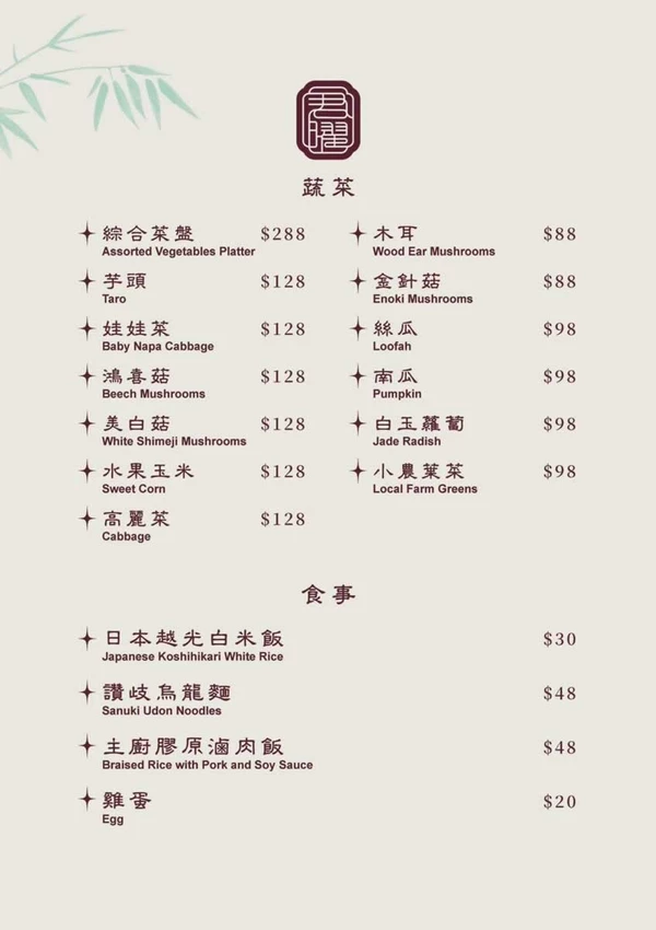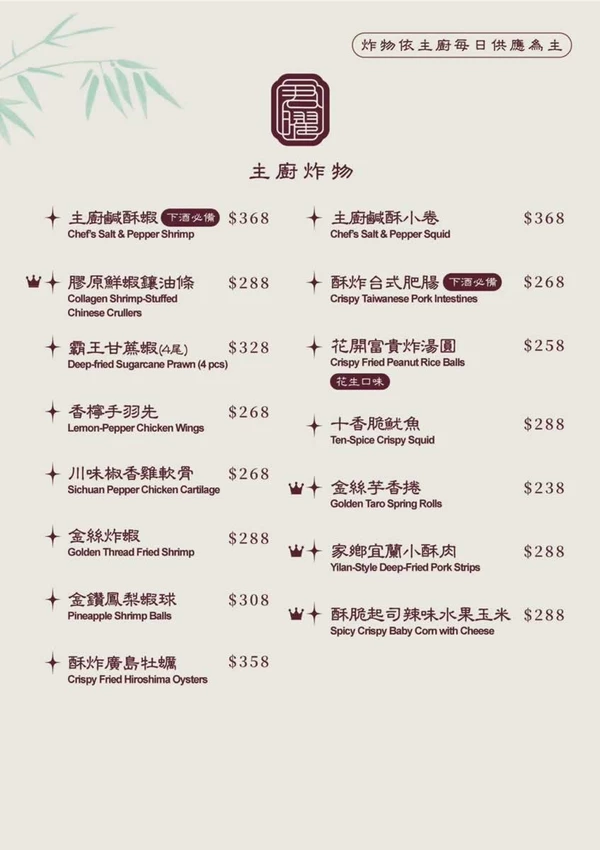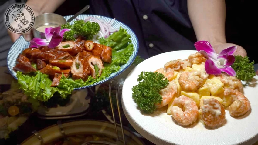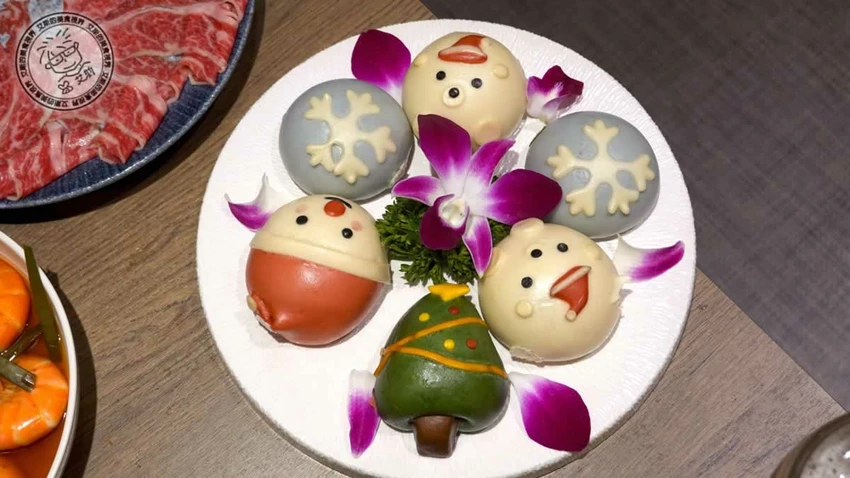 等待火鍋煮滾的空檔,不妨點幾道主廚炸物解解饞。「酥炸台式肥腸」(268 元)處理得乾淨無腥味,外酥內嫩;「金鑽鳳梨蝦球」(308 元)粉衣輕薄,蝦肉 Q 彈搭配酸甜鳳梨超開胃;「主廚鹹酥小卷」(368 元)鹹香帶辣,是最佳的下酒菜。餐後甜點也不馬虎,除了清甜滑順的冰糖白木耳,還有應景的造型包子,內餡包含奶皇、豆沙與芋頭,可愛又好吃,為這頓饗宴畫下完美句點。
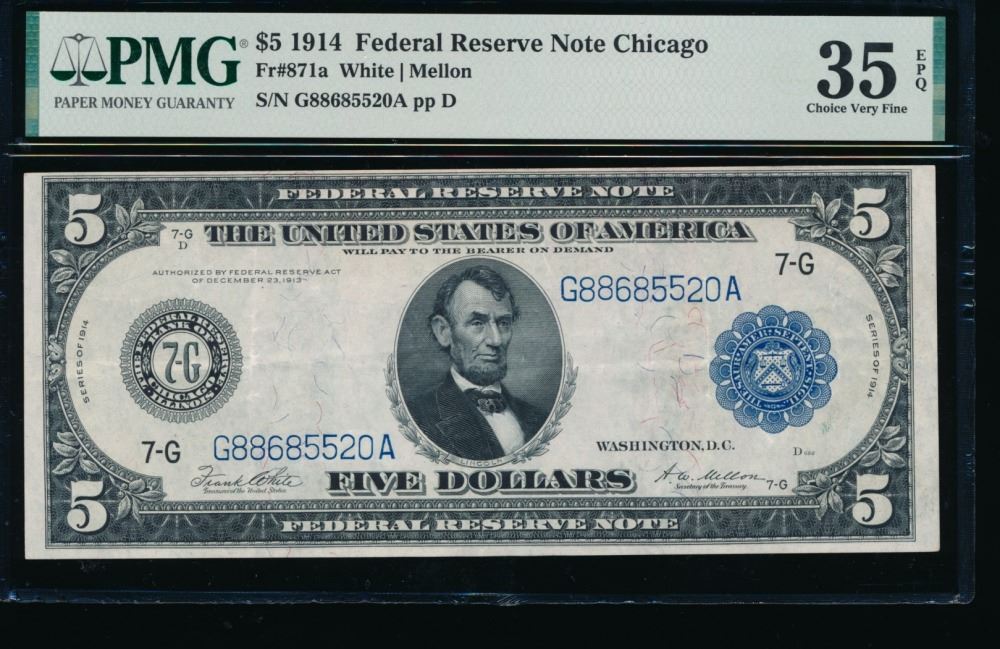 One 1914 $5 Chicago FRN PMG 35EPQ.
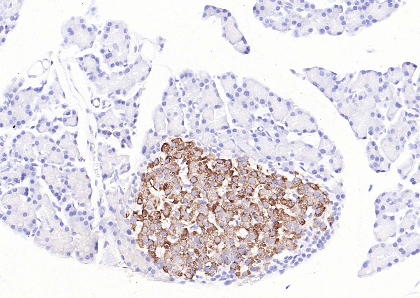 Paraformaldehyde-fixed, paraffin embedded (mouse pancreas); Antigen retrieval by boiling in sodium citrate buffer (pH6.0) for 15min; Block endogenous peroxidase by 3% hydrogen peroxide for 20 minutes; Blocking buffer (normal goat serum) at 37°C for 30min; Antibody incubation with (BMP8b) Polyclonal Antibody, Unconjugated (bs-3670R) at 1:200 overnight at 4°C, followed by operating according to SP Kit(Rabbit) (sp-0023) instructionsand DAB staining.

************

Aim of the task = An exact copy is needed of the lines from the start of the listing through the line with "One 1914 $5 Chicago FRN PMG 35EPQ.", both end lines included and pictures excluded.

Answer section =
 等待火鍋煮滾的空檔,不妨點幾道主廚炸物解解饞。「酥炸台式肥腸」(268 元)處理得乾淨無腥味,外酥內嫩;「金鑽鳳梨蝦球」(308 元)粉衣輕薄,蝦肉 Q 彈搭配酸甜鳳梨超開胃;「主廚鹹酥小卷」(368 元)鹹香帶辣,是最佳的下酒菜。餐後甜點也不馬虎,除了清甜滑順的冰糖白木耳,還有應景的造型包子,內餡包含奶皇、豆沙與芋頭,可愛又好吃,為這頓饗宴畫下完美句點。
 One 1914 $5 Chicago FRN PMG 35EPQ.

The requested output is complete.